WORK TO COMPLETE => The response should be an exact transcription of the data below, free of images.

Stored dataset items =>
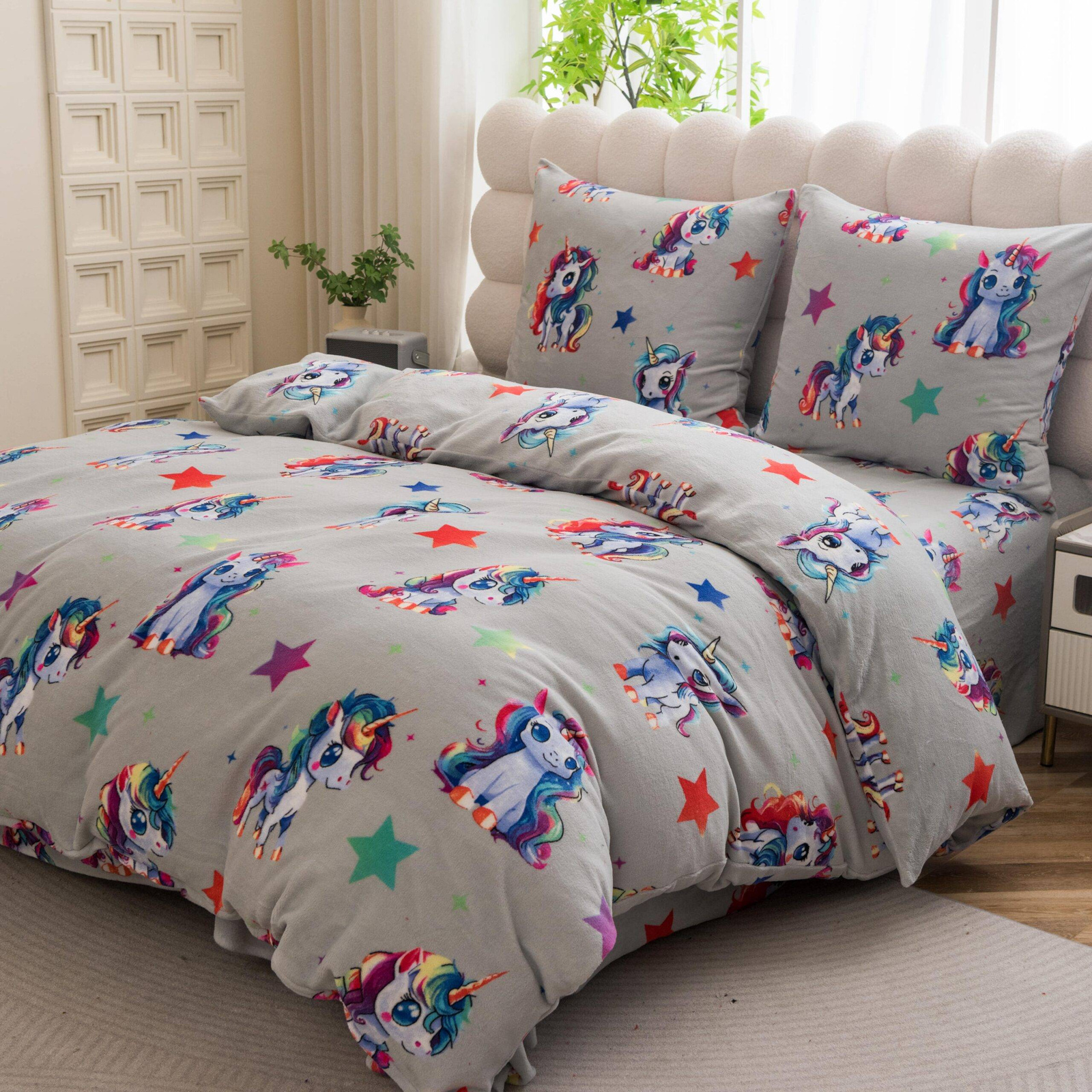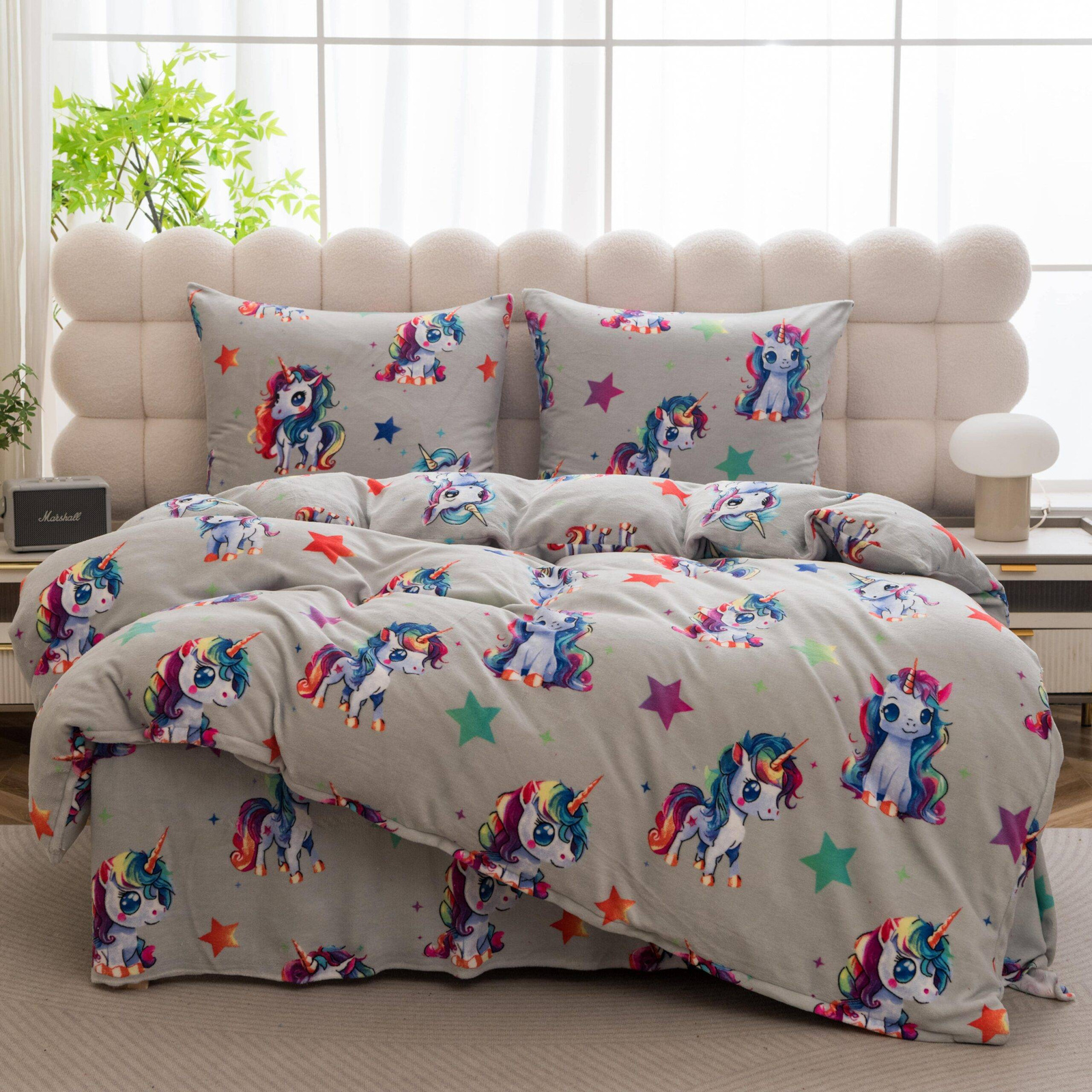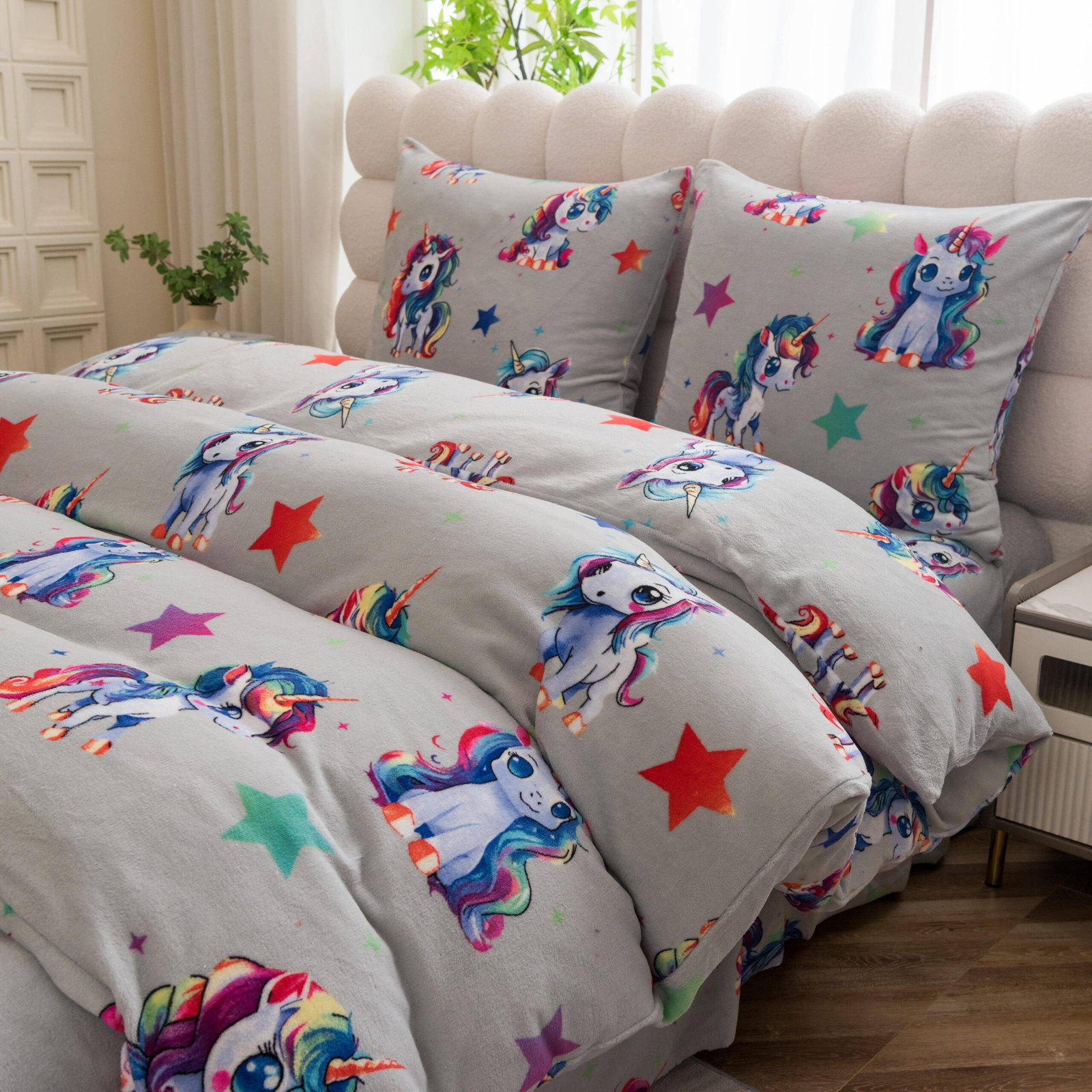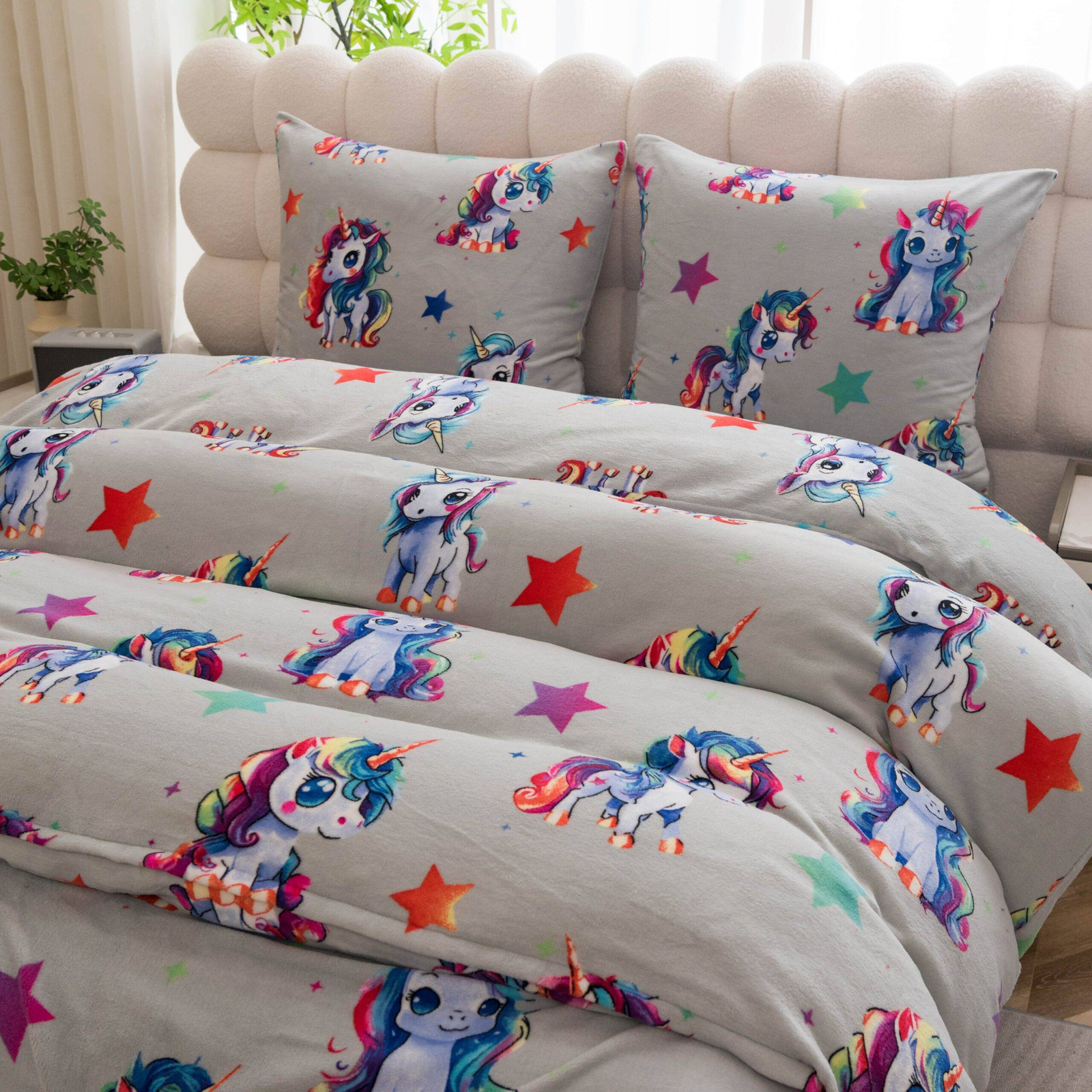 - Komplet pościeli ciepłej zimowej z pluszu, polarowa 160x200, dwustronna poszewka na kołdrę i 2 x poszewka na poduszkę 70x80, pościel w zwierzątka Unicorn, pościel dla dzieci, pościel dziecięca
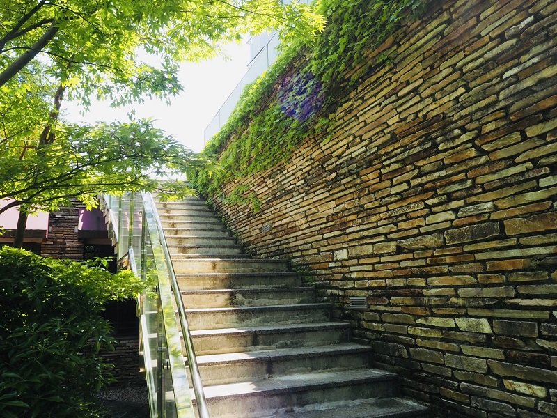 木片やテラコッタのブロックが織りなす力強くもリズミカルな壁面がオリエンタルな迷宮の様相を呈しています。
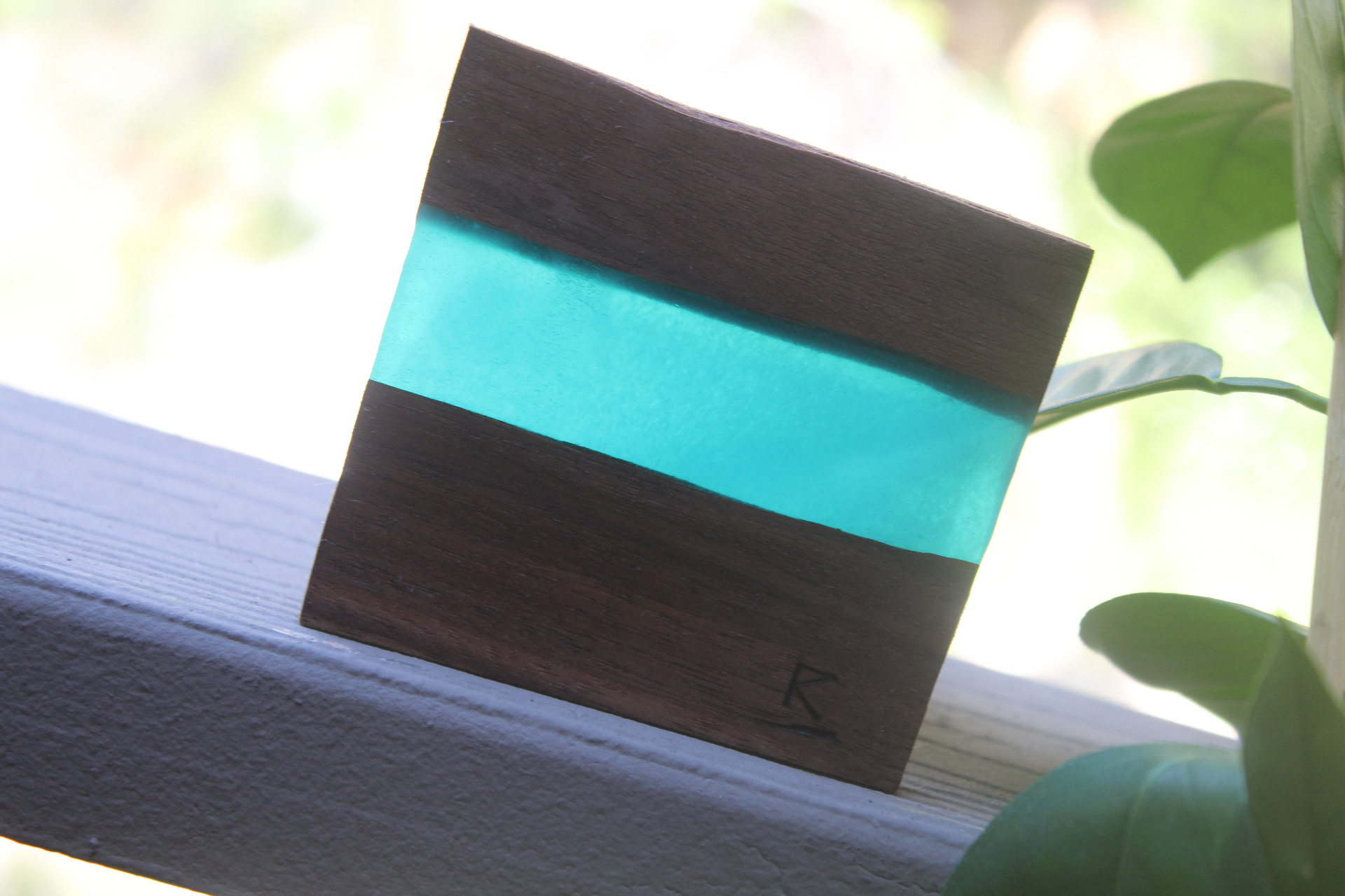 3.5" x 3.5" Black Walnut & Translucent Aqua Blue resin river coasters
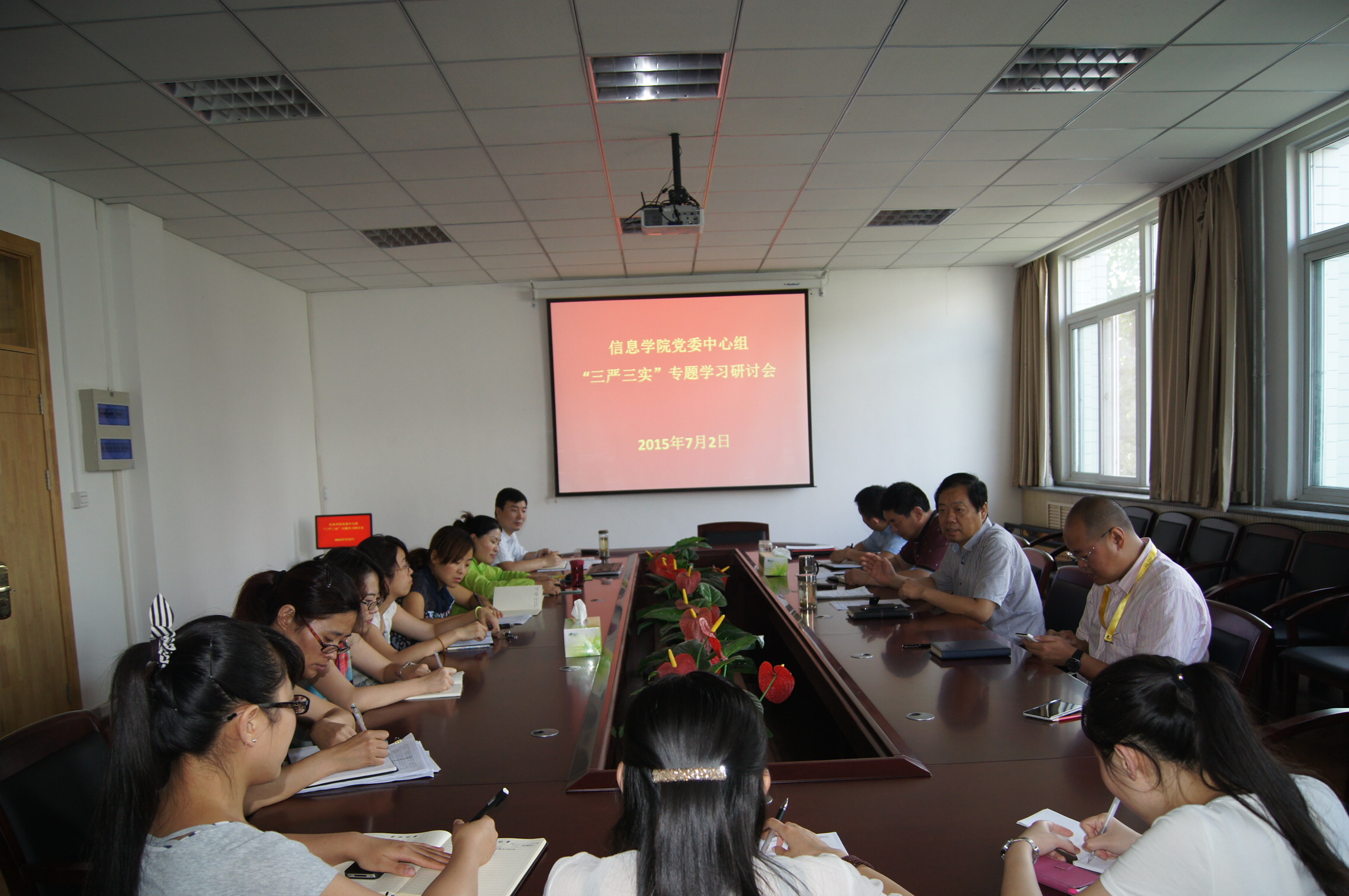 7月2日下午,根据“三严三实”专题教育安排,beat365官方网站处级党员干部带头上党课。并围绕“践行三严三实,全面推进作风建设”开展专题学习研讨。学院领导班子、党委委员、党支部书记、科级干部参加会议。会议由学院党委书记宋西德主持。
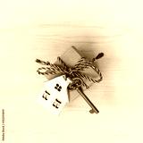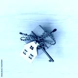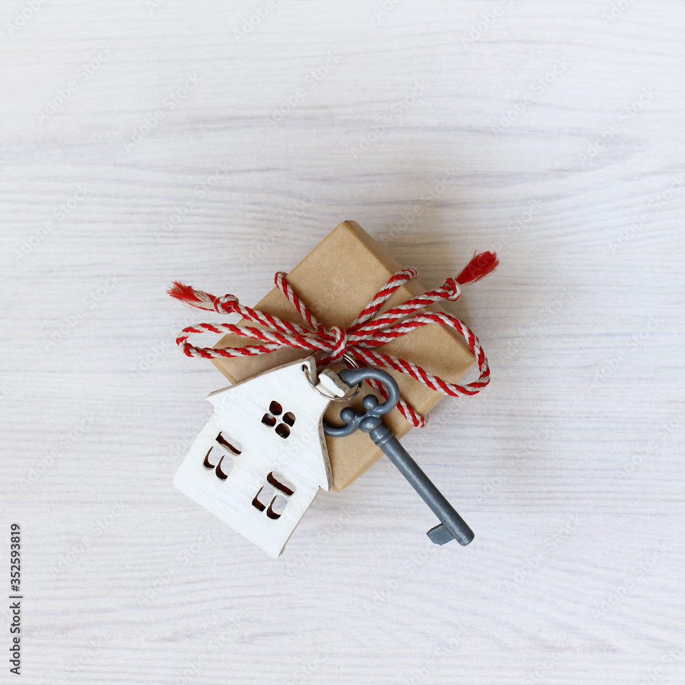 house with a key tied to a gift on a light wooden surface. holiday offer to stay

FINISHED EXERCISE =>
 - Komplet pościeli ciepłej zimowej z pluszu, polarowa 160x200, dwustronna poszewka na kołdrę i 2 x poszewka na poduszkę 70x80, pościel w zwierzątka Unicorn, pościel dla dzieci, pościel dziecięca
 木片やテラコッタのブロックが織りなす力強くもリズミカルな壁面がオリエンタルな迷宮の様相を呈しています。
 3.5" x 3.5" Black Walnut & Translucent Aqua Blue resin river coasters
 7月2日下午,根据“三严三实”专题教育安排,beat365官方网站处级党员干部带头上党课。并围绕“践行三严三实,全面推进作风建设”开展专题学习研讨。学院领导班子、党委委员、党支部书记、科级干部参加会议。会议由学院党委书记宋西德主持。
 house with a key tied to a gift on a light wooden surface. holiday offer to stay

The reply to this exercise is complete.